What you return should be only the lines in the entries below between the one holding "Кабель 3-в-1 USB" and the one holding "赵鑫鑫胜出,拿下本届比赛的总", ends included, with every picture left out.
Supplied records: Begin
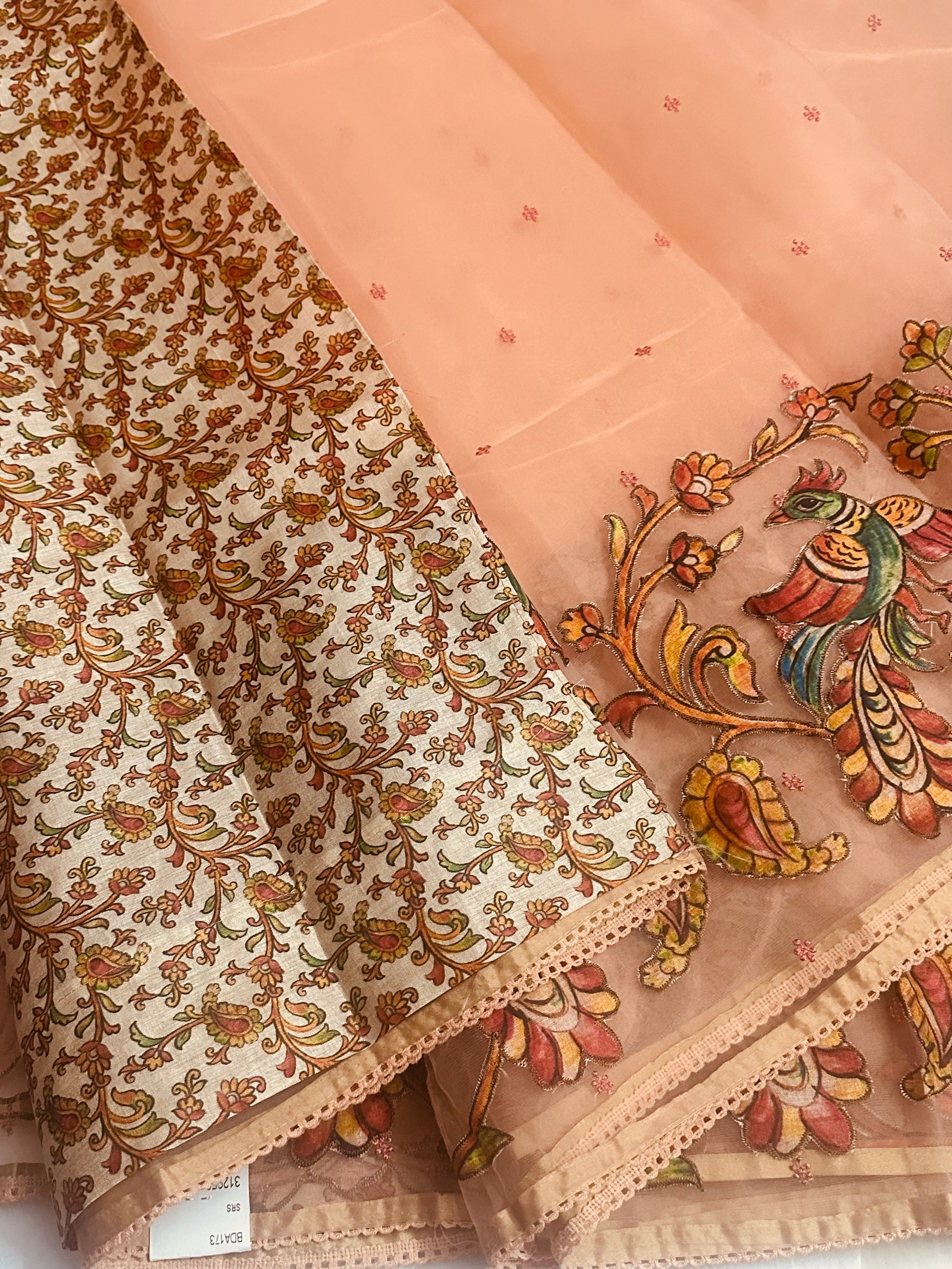 Beautiful Light Weight Baby Orange Organza saree, Adorned with Intricate Kalamkari Patchwork Along The Border.
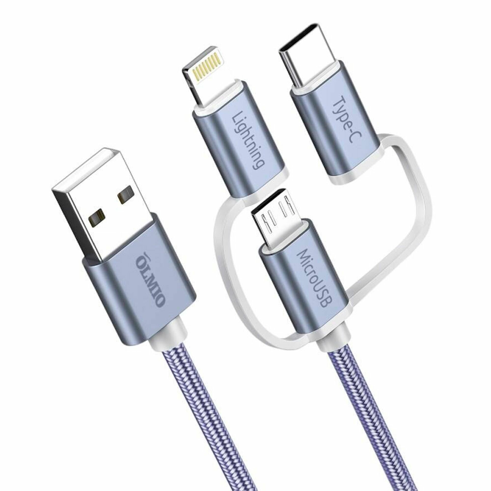 Кабель 3-в-1 USB - microUSB/ 8pin/ Type-C 2.1A (gray) Olmio 038896
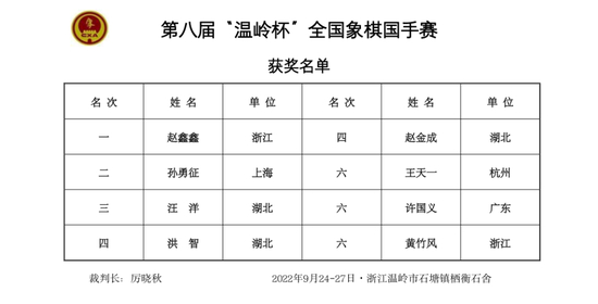赵鑫鑫胜出,拿下本届比赛的总冠军,这是他继2018年之后,时隔四年,家门口出战,再次夺得国手赛的桂冠,孙勇征取得亚军,汪yang季军,洪智、赵金成并列殿军,王天一、许国义、黄竹风并列第六,2022年第八届“温岭杯”全国象棋国手赛圆满成功。
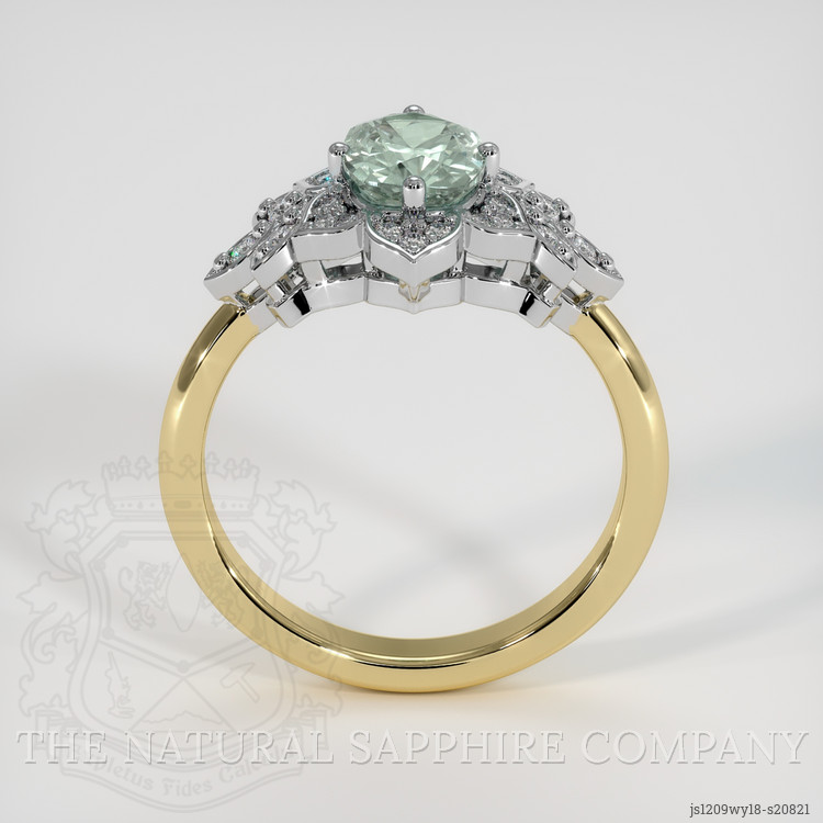 The mounting architecture has been executed to highlight both the sapphire and accompanying white round natural diamonds, which total approximately zero point two six one carats combined, composed of a primary group at approximately zero point one eight carats and secondary accents at approximately zero point zero eight one carats, each graded VS for clarity and F or G for color. The head and halo are executed in eighteen karat white gold to maximize contrast and to enhance the apparent whiteness of the diamond accents, while the shank is rendered in eighteen karat yellow gold to sympathetically warm the bluish green sapphire, creating a balanced color dialogue between center stone and mount. The diamonds are hand set using a combination of secure prong work for larger stones and precise bead or pavé style settings for smaller accents, each seat and bezel milled to close tolerances to ensure tight alignments and minimal gap between stones, a technique that enhances reflected return through the sapphire and reduces light leakage at the crown facets.
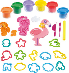 Plastelína plameniak 6x56g.Obsahuje 6 farebných plastelín, 13 vykrajovačov, 4 formičky.
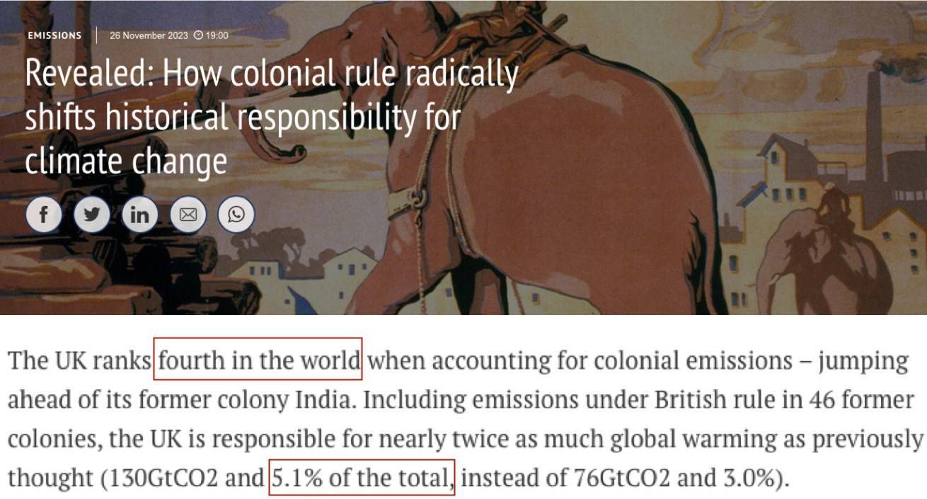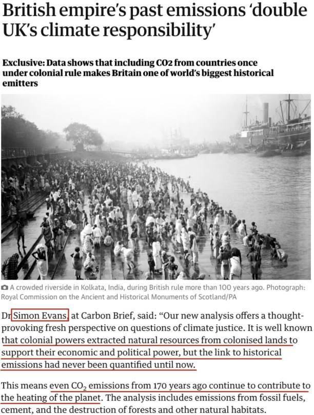 “碳简报”组织研究员西蒙·埃文斯认为,这一研究结果强化了欧洲前殖民帝国对当前全球气候变暖负有的重大历史责任。
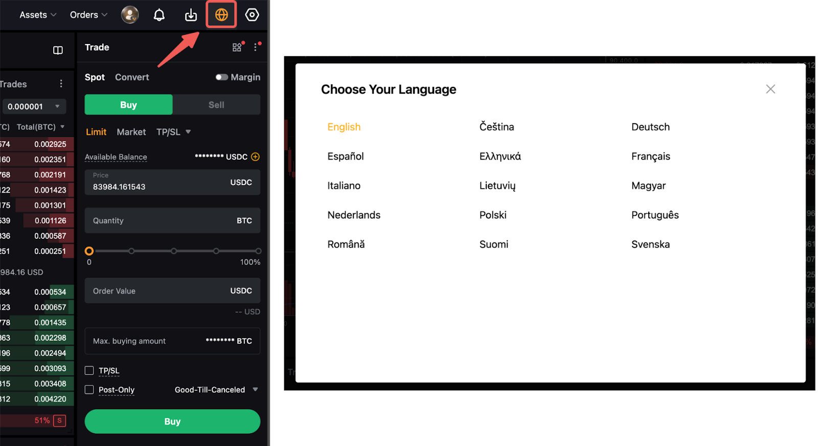 On the top right corner of the website, click on the globe icon to open the list of available languages and select your preferred language.
Supplied records: End
Your solution:
 Кабель 3-в-1 USB - microUSB/ 8pin/ Type-C 2.1A (gray) Olmio 038896
赵鑫鑫胜出,拿下本届比赛的总冠军,这是他继2018年之后,时隔四年,家门口出战,再次夺得国手赛的桂冠,孙勇征取得亚军,汪yang季军,洪智、赵金成并列殿军,王天一、许国义、黄竹风并列第六,2022年第八届“温岭杯”全国象棋国手赛圆满成功。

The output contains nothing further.